Extracted records
═══

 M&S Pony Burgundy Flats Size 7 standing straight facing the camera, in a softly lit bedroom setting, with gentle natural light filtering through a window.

═══

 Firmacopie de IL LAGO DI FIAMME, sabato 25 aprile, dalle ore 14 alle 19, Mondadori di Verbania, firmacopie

═══

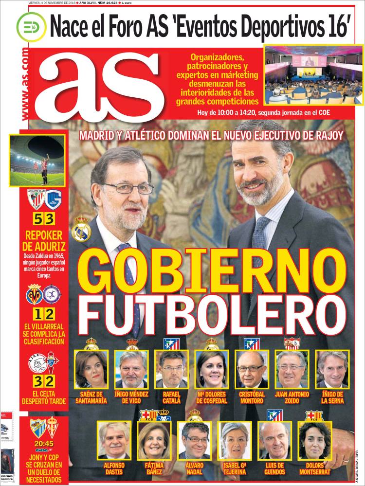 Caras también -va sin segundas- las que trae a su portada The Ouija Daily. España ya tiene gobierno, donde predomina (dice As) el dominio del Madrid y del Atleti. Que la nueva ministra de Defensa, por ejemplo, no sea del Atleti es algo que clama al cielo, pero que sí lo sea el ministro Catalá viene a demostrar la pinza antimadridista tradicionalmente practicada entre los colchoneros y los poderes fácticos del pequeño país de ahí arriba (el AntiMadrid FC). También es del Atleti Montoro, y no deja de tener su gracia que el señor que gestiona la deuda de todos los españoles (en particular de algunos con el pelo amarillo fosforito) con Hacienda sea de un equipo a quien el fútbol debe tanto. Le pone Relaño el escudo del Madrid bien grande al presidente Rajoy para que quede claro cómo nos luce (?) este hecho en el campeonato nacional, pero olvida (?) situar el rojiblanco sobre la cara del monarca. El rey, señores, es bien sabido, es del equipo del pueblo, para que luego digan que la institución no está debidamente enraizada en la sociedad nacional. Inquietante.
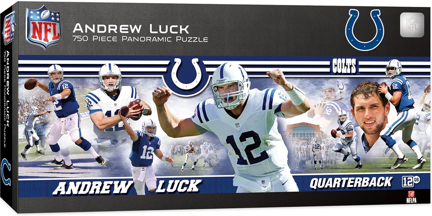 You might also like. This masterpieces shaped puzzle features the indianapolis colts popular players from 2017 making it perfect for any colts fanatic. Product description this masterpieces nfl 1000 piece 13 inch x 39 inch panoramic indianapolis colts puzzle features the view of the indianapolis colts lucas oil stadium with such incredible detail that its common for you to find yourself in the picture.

═══

Exercise
Write out again exactly the lines above from the one with "Caras también -va" through the one with "You might also", adding no other lines and no pictures.

Exercise response
 Caras también -va sin segundas- las que trae a su portada The Ouija Daily. España ya tiene gobierno, donde predomina (dice As) el dominio del Madrid y del Atleti. Que la nueva ministra de Defensa, por ejemplo, no sea del Atleti es algo que clama al cielo, pero que sí lo sea el ministro Catalá viene a demostrar la pinza antimadridista tradicionalmente practicada entre los colchoneros y los poderes fácticos del pequeño país de ahí arriba (el AntiMadrid FC). También es del Atleti Montoro, y no deja de tener su gracia que el señor que gestiona la deuda de todos los españoles (en particular de algunos con el pelo amarillo fosforito) con Hacienda sea de un equipo a quien el fútbol debe tanto. Le pone Relaño el escudo del Madrid bien grande al presidente Rajoy para que quede claro cómo nos luce (?) este hecho en el campeonato nacional, pero olvida (?) situar el rojiblanco sobre la cara del monarca. El rey, señores, es bien sabido, es del equipo del pueblo, para que luego digan que la institución no está debidamente enraizada en la sociedad nacional. Inquietante.
 You might also like. This masterpieces shaped puzzle features the indianapolis colts popular players from 2017 making it perfect for any colts fanatic. Product description this masterpieces nfl 1000 piece 13 inch x 39 inch panoramic indianapolis colts puzzle features the view of the indianapolis colts lucas oil stadium with such incredible detail that its common for you to find yourself in the picture.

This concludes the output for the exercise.